Smallest Transit MTU

[root@bofh sabri]# host -t ns verisign.com 192.5.6.30
Using domain server 192.5.6.30:

verisign.com name server bay-w1-inf5.verisign.net

[root@bofh root]# tcpdump -Xn host 192.5.6.30
tcpdump: listening on fxp0
17:37:53.124955 217.69.153.39.55058 > 192.5.6.30.53: 58565+ NS? verisign.com. (30)
0x0000 4500 003a 5f10 0000 4011 e312 d945 9927 E..:_...@....E.'
0x0010 c005 061e d712 0035 0026 8ac9 e4c5 0100 .......5.&......
0x0020 0001 0000 0000 0000 0876 6572 6973 6967 .........verisig
0x0030 6e03 636f 6d00 0002 0001 n.com.....
17:37:53.216656 192.5.6.30.53 > 217.69.153.39.55058: 58565- 3/0/3 NS[|domain] (DF)
0x0000 4500 00ca 0000 4000 3111 1093 c005 061e E.....@.1.......
0x0010 d945 9927 0035 d712 00b6 1b79 e4c5 8100 .E.'.5.....y....
0x0020 0001 0003 0000 0003 0876 6572 6973 6967 .........verisig
0x0030 6e03 636f 6d00 0002 0001 c00c 0002 0001 n.com...........
0x0040 0002 a300 001a 0b62 6179 2d77 312d 696e .......bay-w1-in
0x0050 6635 f5

Here you go. A root-nameserver setting the DF-bit on its replies :slight_smile:

Are there any common examples of the DF bit being set on non-TCP
packets?

[...]

Here you go.
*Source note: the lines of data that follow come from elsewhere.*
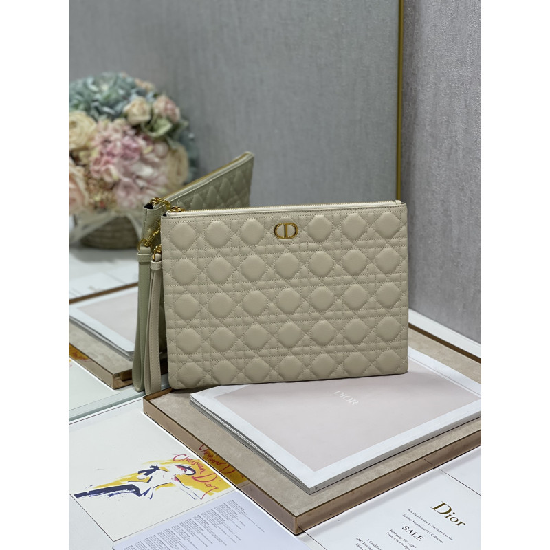 Crafted from black supple calfskin, it features signature Cannage topstitching and 'CD' logo at front. The large pocket holds all your essentials, while the detachable shoulder strap can be carried by hand or carried in a bag.
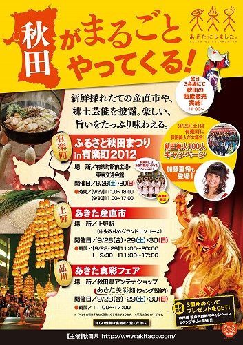 9月29日、30日、東京有楽町において、観光キャンペーン「ふるさと秋田まつりin有楽町2012」が行われます。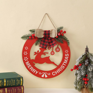 クリスマスフロントドア木製タグガーランドメリークリスマスサイン装飾バッファローチェック柄吊り下げドアプレート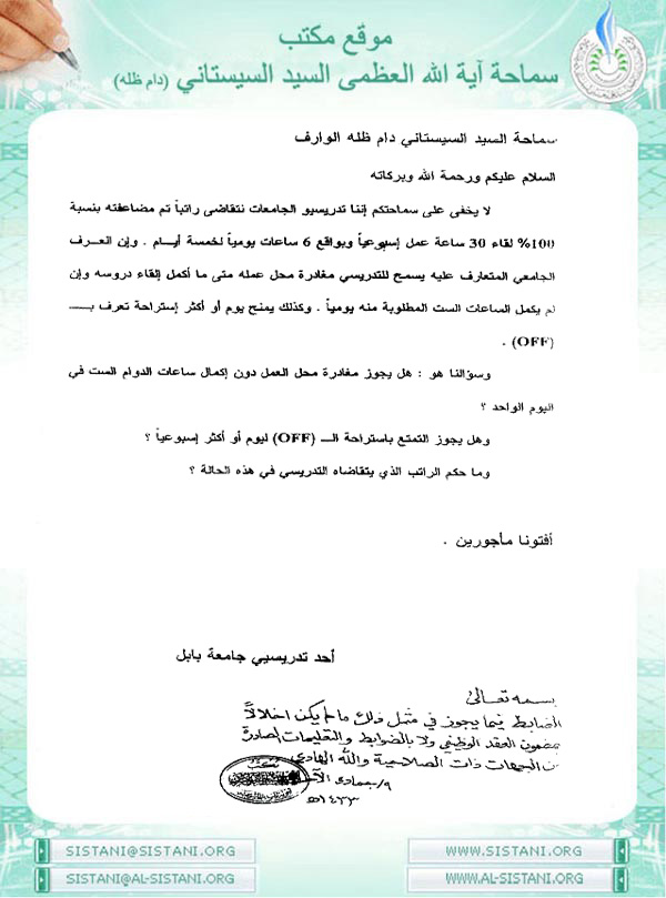 موقع مكتب سماحة المرجع الديني الأعلى السيد علي الحسيني السيستاني (دام ظله)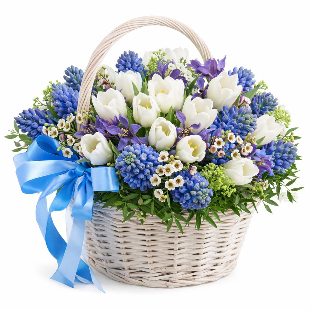 Эта композиция дарит ощущение свежести и утонченности благодаря белым тюльпанам и синим гиацинтам, дополненным нежными ромашками и васильками. Цветы уложены в плетёную корзину светлого оттенка, украшенную голубой ленточкой. Композиция создаёт атмосферу весеннего праздника и станет прекрасным подарком на День семьи, любви и верности для любимой женщины.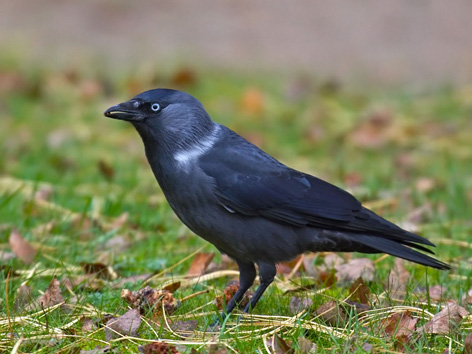 Галка обыкновенная Птица размером с голубя. Голова, грудь и спина преимущественно серые, с более светлыми серебристыми пятнами на затылке и щеках. Крылья и хвост чёрные, с синим отливом. Глаза светлые. Голос: «Кай», «Кьяа», «Кьяк». По земле передвигаются шагами. Всеядна, в период размножения преобладают животные корма, в остальное время — растительные. |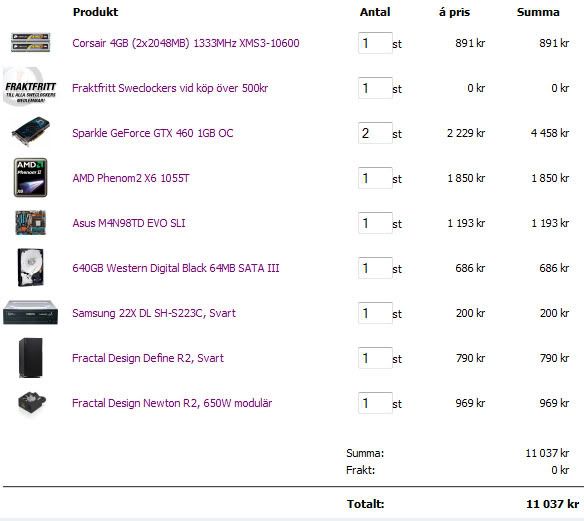 Det där är ju Komplett:s AMD Vision-paket... Jag skulle valt ett mindre, snyggare och tystare chassi och ett annat nätaggregat. Sedan hade jag nog tagit dubbla GTX460 istället för HD5830, vilekt blir dyrare men lite bättre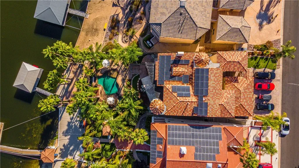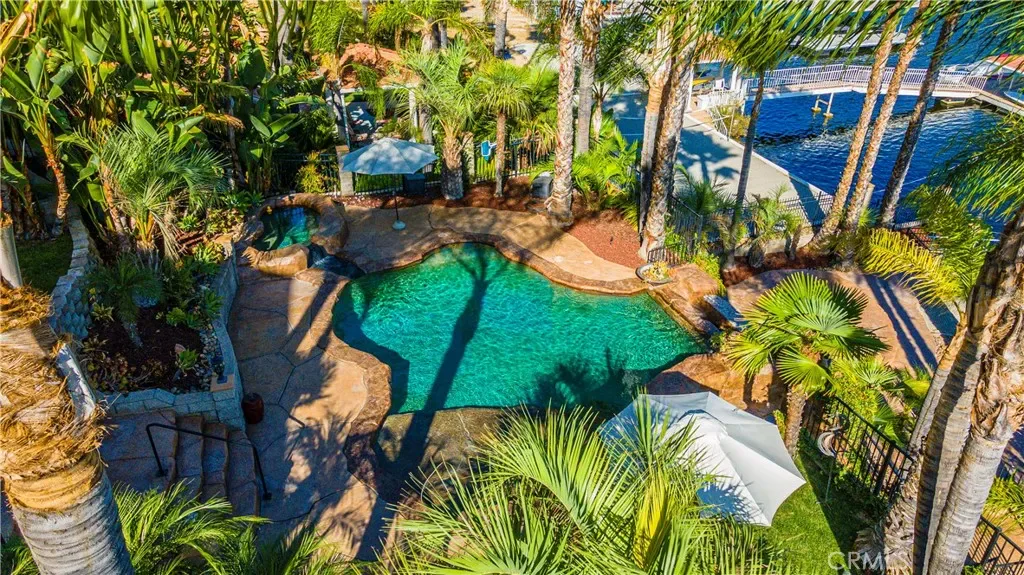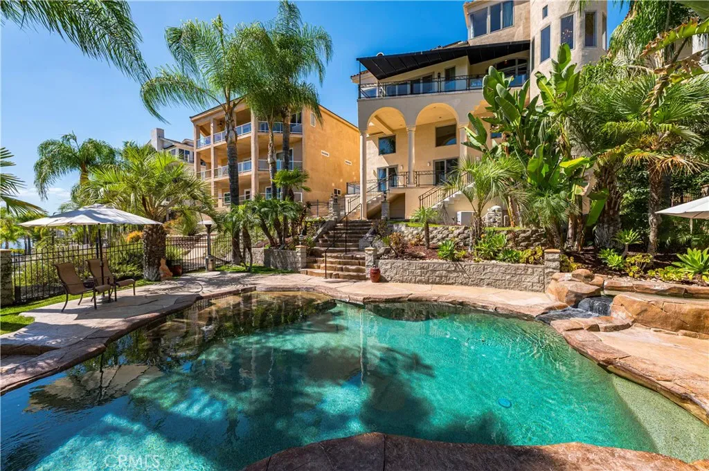 This 2001 “Paul Olsen” designed home embodies the Canyon Lake lifestyle. Located a stones throw from the main lake on Big Bass Cove this home offers a tropical paradise with an infinity edge rock pool and spa framed by lush tropical landscaping. The pool sits steps from the water over looking the fire pit, sandy beach and large “U” dock with hoist and cover. As you enter through the 12′ iron front door the impressive custom finishings and spectacular lake views will “WOW” the most picky buyer. This home offers a large open floor plan, travertine flooring, large kitchen with custom cabinets, stainless steel and panel ready appliances with hidden refrigerator drawers. Sit back and relax while watching your favorite movie in your own custom theater room with 100″ projection screen not to mention a workout room and kids play area that is an addition to the square footage of the home. This home also features a solar system which offsets the majority of the Edison bill. This property will be on top of all your clients wish lists.

A root-nameserver setting the DF-bit on its replies :slight_smile:

This is very bad.

With a 296 byte MTU I don't get answers from (a|b|h|j).root-servers.net, *.gtld-servers.net, tld2.ultradns.net and some lesser-known ccTLD servers.

I would have thought this impossible, but seeing is believing...
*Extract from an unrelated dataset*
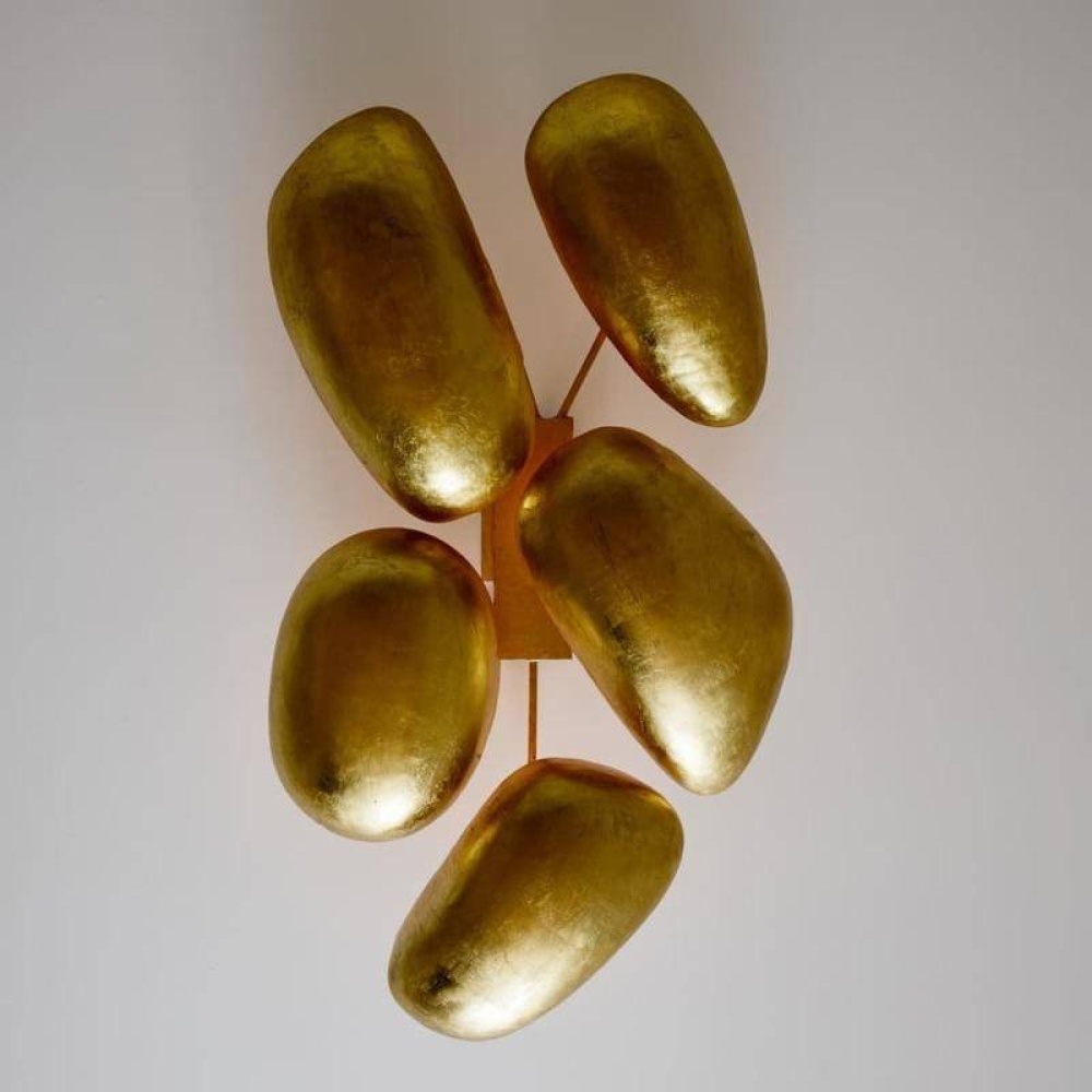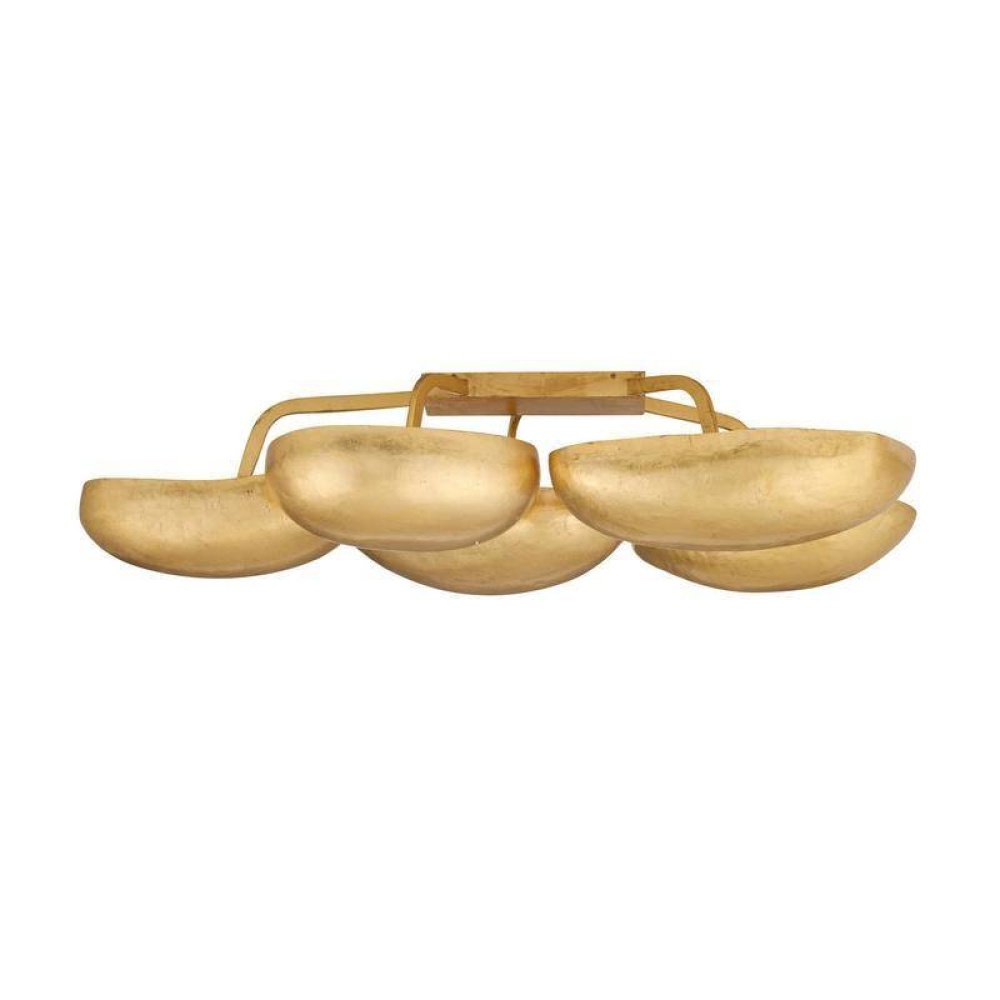 With five sculptural pod-shaped shades, the Theo flush mount is a bold accent in any space. In our gold-leafed iron finish, this fixture is organic and opulent with inverted shades that illuminate the room with a warm, upward glow. Finish will vary.

Fortunately, this problem won't present itself with regular smaller MTUs, the MTU has to be smaller than around 500 bytes. I haven't tested whether these servers also suffer from the "regular" PMTUD problem where the ICMP messages are ignored, but I'm assuming they don't, so doing all of this over TCP should still work.
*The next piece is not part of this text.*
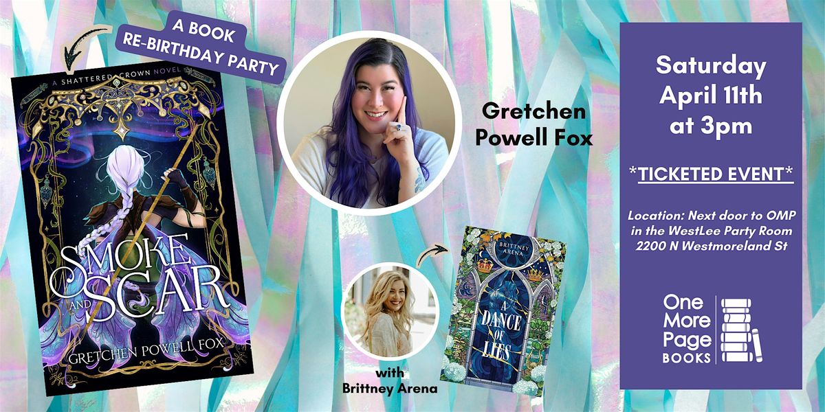 Celebrate the re-birth of SMOKE AND SCAR with its traditional publishing release and Gretchen's ACTUAL birthday! Gretchen will be in conversation with author Brittney Arena (A DANCE OF LIES). Join us to hear their discussion of SMOKE AND SCAR, and enjoy some tasty treats before the authors sign books! This is a ticketed event, and each ticket includes a copy of SMOKE AND SCAR in either paperback or hardcover.

In article <A7B004D6-6288-11D9-BA2A-000A95CD987A@muada.com> you write:

Are there any common examples of the DF bit being set on non-TCP
packets?

[...]

Here you go. A root-nameserver setting the DF-bit on its replies :slight_smile:

This is very bad.

With a 296 byte MTU I don't get answers from
(a|b|h|j).root-servers.net, *.gtld-servers.net, tld2.ultradns.net and
some lesser-known ccTLD servers.

I would have thought this impossible, but seeing is believing...

Fortunately, this problem won't present itself with regular smaller
MTUs, the MTU has to be smaller than around 500 bytes. I haven't tested
whether these servers also suffer from the "regular" PMTUD problem
where the ICMP messages are ignored, but I'm assuming they don't, so
doing all of this over TCP should still work.

  Well DNS (not EDNS) is limited to 512 octets so you unless there
  are real links (not ones artificially constrained to demonstrate
  a issue) this should not be a issue in practice. The default link
  mtus for slip/ppp/ethernet are all large enought for a DNS/UDP
  response to get through without needing fragmentation.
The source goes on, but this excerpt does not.